• **What the task asks**: Give back exactly the lines of the entries below from the line with "includes carabiner |" to the line with "Escritorio de Esquina", inclusive, and only those.
------ Material supplied ------
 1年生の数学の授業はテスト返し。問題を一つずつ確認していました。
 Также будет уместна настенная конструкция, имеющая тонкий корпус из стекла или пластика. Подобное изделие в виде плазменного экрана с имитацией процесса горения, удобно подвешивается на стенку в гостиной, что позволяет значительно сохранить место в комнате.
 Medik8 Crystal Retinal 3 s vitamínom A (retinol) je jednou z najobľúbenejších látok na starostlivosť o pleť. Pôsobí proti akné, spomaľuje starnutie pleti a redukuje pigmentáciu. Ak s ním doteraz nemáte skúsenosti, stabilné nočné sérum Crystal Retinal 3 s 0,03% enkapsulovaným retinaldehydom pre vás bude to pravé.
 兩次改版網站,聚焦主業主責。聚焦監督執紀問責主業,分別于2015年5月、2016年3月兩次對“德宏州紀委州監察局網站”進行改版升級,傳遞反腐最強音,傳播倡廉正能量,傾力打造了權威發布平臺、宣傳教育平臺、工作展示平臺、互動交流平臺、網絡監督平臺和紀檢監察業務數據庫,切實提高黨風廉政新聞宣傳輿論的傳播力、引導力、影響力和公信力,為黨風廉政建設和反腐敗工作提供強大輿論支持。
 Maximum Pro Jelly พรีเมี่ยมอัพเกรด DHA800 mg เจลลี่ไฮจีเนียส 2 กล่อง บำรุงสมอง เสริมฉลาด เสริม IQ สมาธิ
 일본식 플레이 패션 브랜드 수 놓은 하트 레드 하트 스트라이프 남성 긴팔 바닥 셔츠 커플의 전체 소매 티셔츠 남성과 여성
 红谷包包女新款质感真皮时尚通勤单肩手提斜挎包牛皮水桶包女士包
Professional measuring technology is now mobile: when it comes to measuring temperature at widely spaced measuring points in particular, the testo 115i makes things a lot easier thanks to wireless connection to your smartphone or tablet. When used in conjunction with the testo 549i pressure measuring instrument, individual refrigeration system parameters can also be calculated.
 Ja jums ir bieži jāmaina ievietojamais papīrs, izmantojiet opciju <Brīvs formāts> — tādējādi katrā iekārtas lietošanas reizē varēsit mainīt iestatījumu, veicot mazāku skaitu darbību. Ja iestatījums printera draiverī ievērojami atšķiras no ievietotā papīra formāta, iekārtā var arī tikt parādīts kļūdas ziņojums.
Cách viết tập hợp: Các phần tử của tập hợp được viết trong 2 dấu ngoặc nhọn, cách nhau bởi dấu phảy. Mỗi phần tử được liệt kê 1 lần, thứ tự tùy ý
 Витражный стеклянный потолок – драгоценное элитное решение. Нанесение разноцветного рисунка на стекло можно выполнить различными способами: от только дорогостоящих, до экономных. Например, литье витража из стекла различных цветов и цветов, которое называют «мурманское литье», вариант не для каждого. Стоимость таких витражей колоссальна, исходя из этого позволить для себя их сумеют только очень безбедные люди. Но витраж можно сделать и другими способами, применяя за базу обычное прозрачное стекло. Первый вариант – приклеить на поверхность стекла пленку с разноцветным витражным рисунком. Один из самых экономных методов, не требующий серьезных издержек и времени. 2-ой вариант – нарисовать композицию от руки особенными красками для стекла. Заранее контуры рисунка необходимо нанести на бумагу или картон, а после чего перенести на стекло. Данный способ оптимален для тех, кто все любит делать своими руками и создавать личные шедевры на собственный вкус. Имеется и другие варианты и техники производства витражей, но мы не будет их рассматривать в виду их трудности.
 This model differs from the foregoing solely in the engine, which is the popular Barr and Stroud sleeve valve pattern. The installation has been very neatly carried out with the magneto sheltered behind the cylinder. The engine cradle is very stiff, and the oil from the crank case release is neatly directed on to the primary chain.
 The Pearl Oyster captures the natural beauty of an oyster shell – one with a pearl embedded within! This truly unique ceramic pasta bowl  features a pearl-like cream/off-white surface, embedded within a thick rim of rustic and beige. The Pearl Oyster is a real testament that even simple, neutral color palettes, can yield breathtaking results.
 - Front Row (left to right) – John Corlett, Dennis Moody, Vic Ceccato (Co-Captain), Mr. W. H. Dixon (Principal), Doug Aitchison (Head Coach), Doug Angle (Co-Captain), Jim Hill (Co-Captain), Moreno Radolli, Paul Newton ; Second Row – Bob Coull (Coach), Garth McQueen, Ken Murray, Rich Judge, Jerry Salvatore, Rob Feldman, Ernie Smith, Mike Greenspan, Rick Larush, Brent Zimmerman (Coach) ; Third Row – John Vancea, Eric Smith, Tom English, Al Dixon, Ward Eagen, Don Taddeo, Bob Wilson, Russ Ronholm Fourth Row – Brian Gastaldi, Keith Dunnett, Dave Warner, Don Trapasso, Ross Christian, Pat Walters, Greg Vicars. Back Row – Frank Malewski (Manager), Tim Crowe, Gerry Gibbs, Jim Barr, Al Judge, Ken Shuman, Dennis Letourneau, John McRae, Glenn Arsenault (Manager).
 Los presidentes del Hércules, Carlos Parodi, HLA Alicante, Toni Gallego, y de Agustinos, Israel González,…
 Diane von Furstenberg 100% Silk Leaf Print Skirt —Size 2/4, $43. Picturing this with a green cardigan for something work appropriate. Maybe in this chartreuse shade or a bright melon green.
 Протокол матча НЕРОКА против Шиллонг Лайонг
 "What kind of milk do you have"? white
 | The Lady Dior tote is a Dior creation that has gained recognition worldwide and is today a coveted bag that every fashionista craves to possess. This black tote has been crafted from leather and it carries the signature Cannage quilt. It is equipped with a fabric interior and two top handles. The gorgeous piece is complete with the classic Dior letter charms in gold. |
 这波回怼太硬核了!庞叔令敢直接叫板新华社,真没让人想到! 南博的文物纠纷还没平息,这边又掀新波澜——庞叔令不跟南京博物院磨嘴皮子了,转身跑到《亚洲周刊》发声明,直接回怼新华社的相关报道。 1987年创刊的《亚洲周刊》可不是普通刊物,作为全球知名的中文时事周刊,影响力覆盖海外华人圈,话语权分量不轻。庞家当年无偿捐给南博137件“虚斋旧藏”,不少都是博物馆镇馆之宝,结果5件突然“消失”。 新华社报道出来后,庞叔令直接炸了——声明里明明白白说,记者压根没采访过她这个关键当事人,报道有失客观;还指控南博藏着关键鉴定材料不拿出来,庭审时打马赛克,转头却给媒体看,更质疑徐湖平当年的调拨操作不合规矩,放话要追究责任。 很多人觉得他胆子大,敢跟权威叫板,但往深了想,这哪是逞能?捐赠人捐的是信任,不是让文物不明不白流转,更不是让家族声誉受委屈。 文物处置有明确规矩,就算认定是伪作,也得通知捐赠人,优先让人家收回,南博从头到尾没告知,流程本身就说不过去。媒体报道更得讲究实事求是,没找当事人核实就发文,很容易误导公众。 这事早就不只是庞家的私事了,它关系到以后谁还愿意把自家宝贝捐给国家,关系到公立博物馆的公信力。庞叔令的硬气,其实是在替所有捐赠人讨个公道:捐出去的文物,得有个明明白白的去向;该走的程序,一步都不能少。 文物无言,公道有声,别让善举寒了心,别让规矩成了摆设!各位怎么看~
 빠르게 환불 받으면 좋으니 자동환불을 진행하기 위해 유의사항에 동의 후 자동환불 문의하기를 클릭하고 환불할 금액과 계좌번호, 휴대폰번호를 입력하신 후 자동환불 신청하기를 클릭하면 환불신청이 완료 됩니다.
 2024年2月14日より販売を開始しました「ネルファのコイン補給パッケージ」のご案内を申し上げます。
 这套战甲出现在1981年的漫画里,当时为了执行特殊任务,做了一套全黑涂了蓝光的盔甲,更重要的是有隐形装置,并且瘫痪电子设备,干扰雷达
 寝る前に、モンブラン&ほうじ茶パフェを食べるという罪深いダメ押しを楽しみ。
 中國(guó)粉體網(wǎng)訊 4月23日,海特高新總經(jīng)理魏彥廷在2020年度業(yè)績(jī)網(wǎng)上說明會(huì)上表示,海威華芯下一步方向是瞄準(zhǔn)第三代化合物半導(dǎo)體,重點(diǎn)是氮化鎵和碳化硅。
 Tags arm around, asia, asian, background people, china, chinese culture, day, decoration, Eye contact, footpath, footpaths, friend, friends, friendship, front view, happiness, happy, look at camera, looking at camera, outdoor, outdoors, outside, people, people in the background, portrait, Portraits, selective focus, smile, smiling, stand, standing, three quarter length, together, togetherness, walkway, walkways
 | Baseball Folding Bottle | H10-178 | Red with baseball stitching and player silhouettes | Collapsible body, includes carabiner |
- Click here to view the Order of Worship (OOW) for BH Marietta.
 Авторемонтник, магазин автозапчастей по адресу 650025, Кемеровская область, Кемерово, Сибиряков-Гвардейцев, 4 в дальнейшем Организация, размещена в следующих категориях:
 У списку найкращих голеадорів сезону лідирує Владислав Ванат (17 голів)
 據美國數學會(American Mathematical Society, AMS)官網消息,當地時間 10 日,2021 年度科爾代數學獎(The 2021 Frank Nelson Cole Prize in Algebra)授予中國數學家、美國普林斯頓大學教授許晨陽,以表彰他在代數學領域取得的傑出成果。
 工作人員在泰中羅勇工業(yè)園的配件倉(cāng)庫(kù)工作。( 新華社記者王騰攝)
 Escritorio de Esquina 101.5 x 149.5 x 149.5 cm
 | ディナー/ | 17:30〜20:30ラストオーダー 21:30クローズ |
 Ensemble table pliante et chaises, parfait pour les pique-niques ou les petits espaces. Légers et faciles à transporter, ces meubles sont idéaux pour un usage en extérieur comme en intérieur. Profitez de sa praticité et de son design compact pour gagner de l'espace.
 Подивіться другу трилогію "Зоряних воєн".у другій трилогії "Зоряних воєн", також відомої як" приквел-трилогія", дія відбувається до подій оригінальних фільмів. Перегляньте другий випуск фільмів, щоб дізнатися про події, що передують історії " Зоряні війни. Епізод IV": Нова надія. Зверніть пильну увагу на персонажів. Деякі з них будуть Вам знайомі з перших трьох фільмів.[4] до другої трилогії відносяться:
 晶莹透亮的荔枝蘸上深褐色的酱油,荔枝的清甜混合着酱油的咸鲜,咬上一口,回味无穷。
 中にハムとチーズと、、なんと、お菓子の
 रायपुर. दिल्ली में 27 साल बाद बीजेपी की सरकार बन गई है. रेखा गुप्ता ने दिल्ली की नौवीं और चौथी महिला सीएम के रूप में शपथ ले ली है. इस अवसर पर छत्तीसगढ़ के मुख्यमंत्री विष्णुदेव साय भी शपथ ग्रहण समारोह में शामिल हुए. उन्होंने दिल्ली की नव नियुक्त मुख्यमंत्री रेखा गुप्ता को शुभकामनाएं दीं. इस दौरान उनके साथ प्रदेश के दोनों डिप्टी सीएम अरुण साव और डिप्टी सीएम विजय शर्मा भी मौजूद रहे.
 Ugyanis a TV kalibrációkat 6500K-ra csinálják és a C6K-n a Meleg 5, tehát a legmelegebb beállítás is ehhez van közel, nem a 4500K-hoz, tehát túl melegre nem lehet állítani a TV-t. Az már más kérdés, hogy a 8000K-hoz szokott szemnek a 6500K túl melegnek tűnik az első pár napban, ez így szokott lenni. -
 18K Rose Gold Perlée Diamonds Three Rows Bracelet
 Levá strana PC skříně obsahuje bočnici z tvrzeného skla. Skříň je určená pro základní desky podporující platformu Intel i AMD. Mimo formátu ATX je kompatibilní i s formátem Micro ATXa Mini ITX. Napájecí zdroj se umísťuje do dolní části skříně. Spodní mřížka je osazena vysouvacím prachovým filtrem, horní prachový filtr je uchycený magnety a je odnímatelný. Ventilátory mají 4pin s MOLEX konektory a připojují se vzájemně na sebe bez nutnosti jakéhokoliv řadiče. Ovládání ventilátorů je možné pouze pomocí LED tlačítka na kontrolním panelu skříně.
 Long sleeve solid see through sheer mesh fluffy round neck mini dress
------
• **Task answer**:
 | Baseball Folding Bottle | H10-178 | Red with baseball stitching and player silhouettes | Collapsible body, includes carabiner |
- Click here to view the Order of Worship (OOW) for BH Marietta.
 Авторемонтник, магазин автозапчастей по адресу 650025, Кемеровская область, Кемерово, Сибиряков-Гвардейцев, 4 в дальнейшем Организация, размещена в следующих категориях:
 У списку найкращих голеадорів сезону лідирує Владислав Ванат (17 голів)
 據美國數學會(American Mathematical Society, AMS)官網消息,當地時間 10 日,2021 年度科爾代數學獎(The 2021 Frank Nelson Cole Prize in Algebra)授予中國數學家、美國普林斯頓大學教授許晨陽,以表彰他在代數學領域取得的傑出成果。
 工作人員在泰中羅勇工業(yè)園的配件倉(cāng)庫(kù)工作。( 新華社記者王騰攝)
 Escritorio de Esquina 101.5 x 149.5 x 149.5 cm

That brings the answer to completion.